As early as the beginning stages of pregnancy, talking and reading to babies in the womb helps them learn to recognize their parents’ voices while starting to build a foundation for early literacy. Consistently talking and reading to infants and toddlers enhances their early literacy and vocabulary development. Infants and toddlers whose parents talk and read to them often know more words by age two than children whose parents do not. Reading about numbers and shapes lays the foundation for math and geometry.
Asking babies questions while you read a story provides opportunities for them to use their imagination and expressive language to answer. Posing simple challenges and helping babies find ways around them helps develop their problem-solving skills. In conversation, use expressive tones and use metaphors such as “you are a busy bee” or idioms like “sleeping like a baby” then pause for reactions. It is also beneficial to sit at the eye level of an infant or toddler when interacting and speaking with them.
These types of exercises expand their vocabulary and allow them to explore new words. Babies’ vocabularies build slowly, and nouns are used first, such as “kitty,” “puppy” and “cracker.” Gradually, they add verbs and adjectives, forming partial sentences like “want big book.”

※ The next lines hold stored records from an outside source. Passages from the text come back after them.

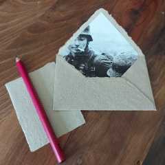 CEPHEDE ASKERLER ASTARLI 13X9 CM DOKULU TOPRAK RENGİ ZARF,.EL YAPIMI ÜRÜNLER.
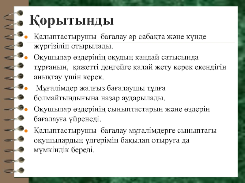 Қалыптастырушы бағалаудың тиімді жолдарын таныстыру.
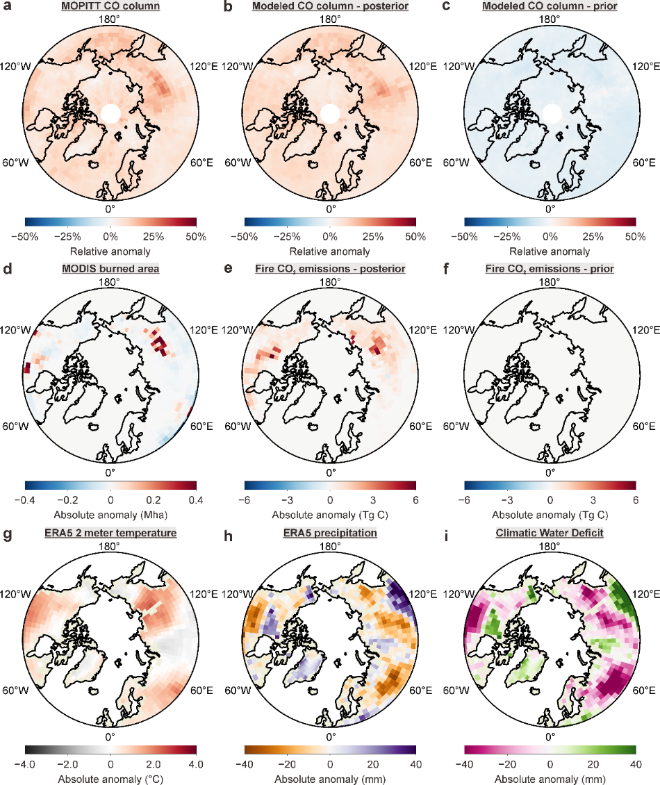相对于2000-2020年均值,2021年北纬50°以北区域大气中CO柱浓度、野火CO2排放及气象参数距平
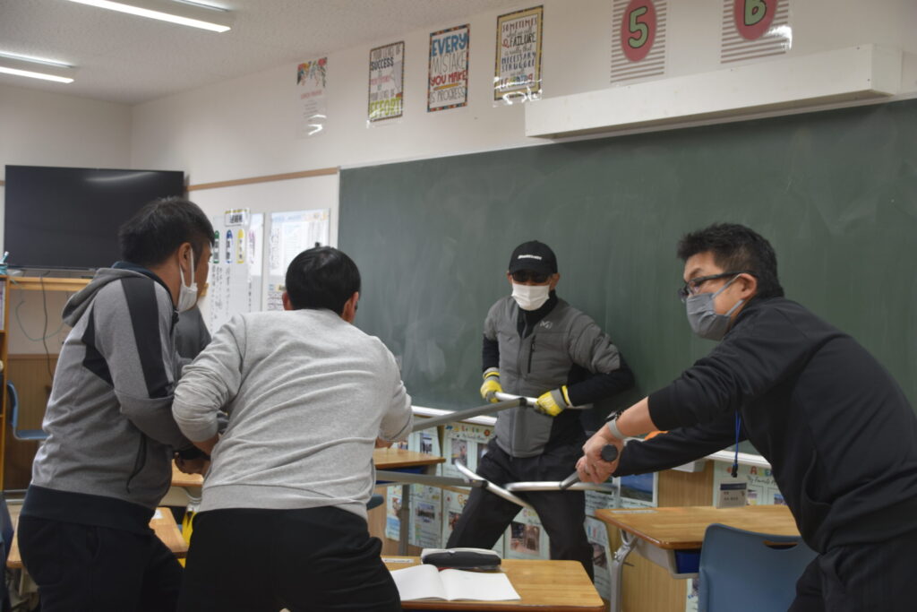 教室では先生たちの訓練をしました。 机、椅子、清掃用具、さすまた等を使い距離を置いて対応し時間を確保することが大切だとういうことです。
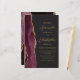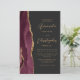 The left-hand edge of this elegant modern wedding invitation features a burgundy red watercolor agate border trimmed with faux gold glitter. The customizable text combines gold-colored script and sans serif fonts on a slate black background. A matching burgundy agate design appears on the back of the card.
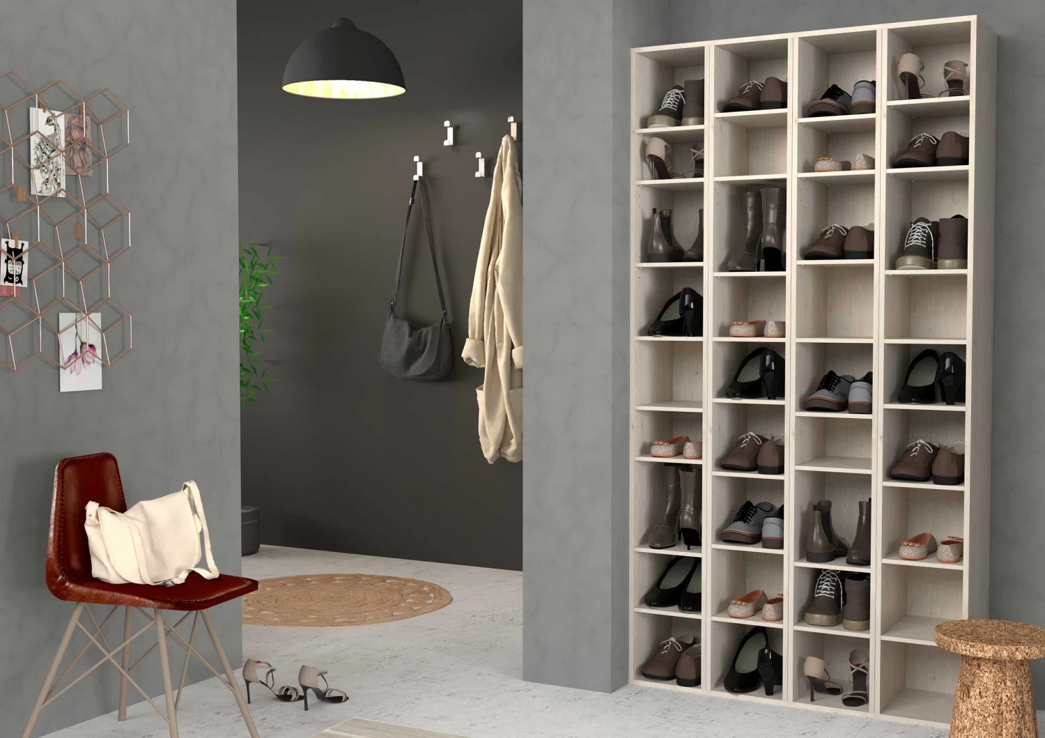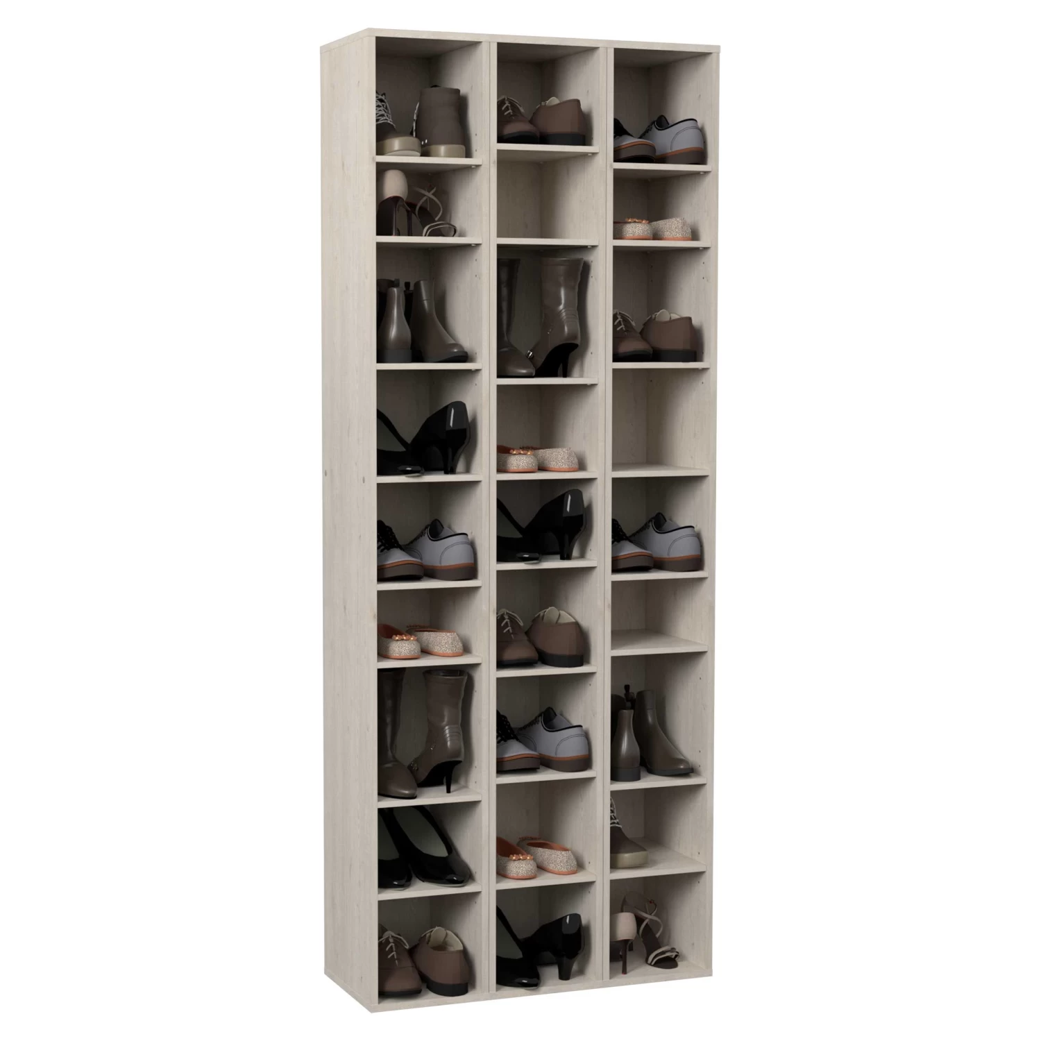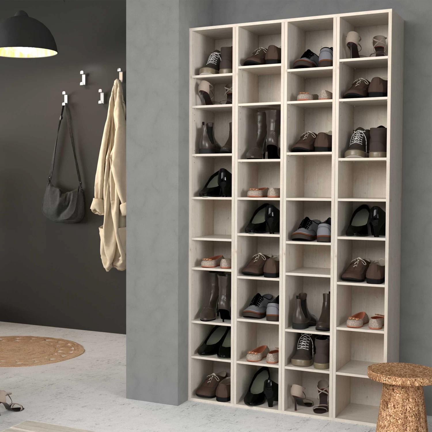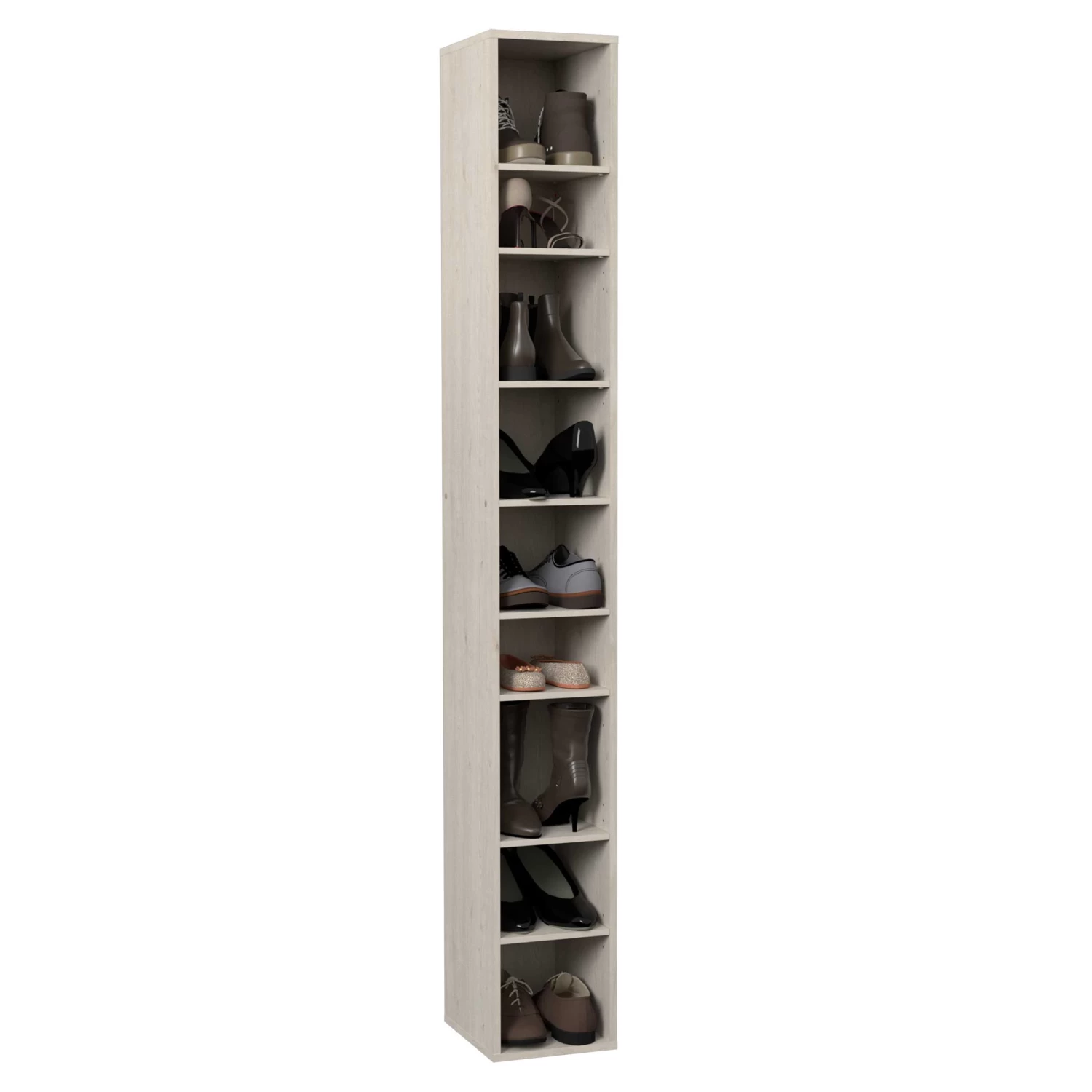 Met deze schoenkastmodule stel je zelf jouw schoenkast samen op maat van jouw schoenencollectie. Combineer verschillende modellen tot de schoenkast met de ideale grootte. 1 module is 200 cm hoog, 26 cm breed en 32 cm diep en beschikt over 8 legplankjes. Elk legplankje is geschikt voor 1 paar schoenen. De hoogte tussen de legplankjes kan je zelf kiezen. Zo kan je zowel jouw sneakers, pumps als laarzen in schoenkast Stan opbergen.
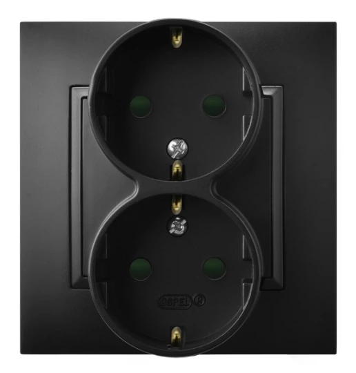 ARIA CZARNY METALIK GNIAZDO 2X SCHUKO Z PRZESŁONAMI ZACISKI ŚRUBOWE 16A 250V
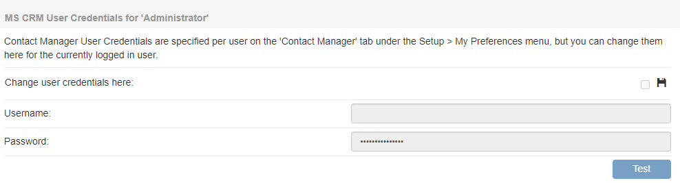 In this frame, you can override these user credentials (if needed) for testing purposes. This way you can test different logins directly from this window. You can also click on the Save icon to save the login credentials entered here, updating the credentials on the Contact Manager tab for the currently logged in user.

It is fascinating how much infants and toddlers learn in the first few years of their lives! From the very beginning, simple conversations and reading to children lay the foundation for language development. By the time they reach third grade, children should be able to fluently read words and comprehend what they are reading, which is a milestone in their literacy journey.
Early childhood education is the foundation of child development and a very important time in children’s lives.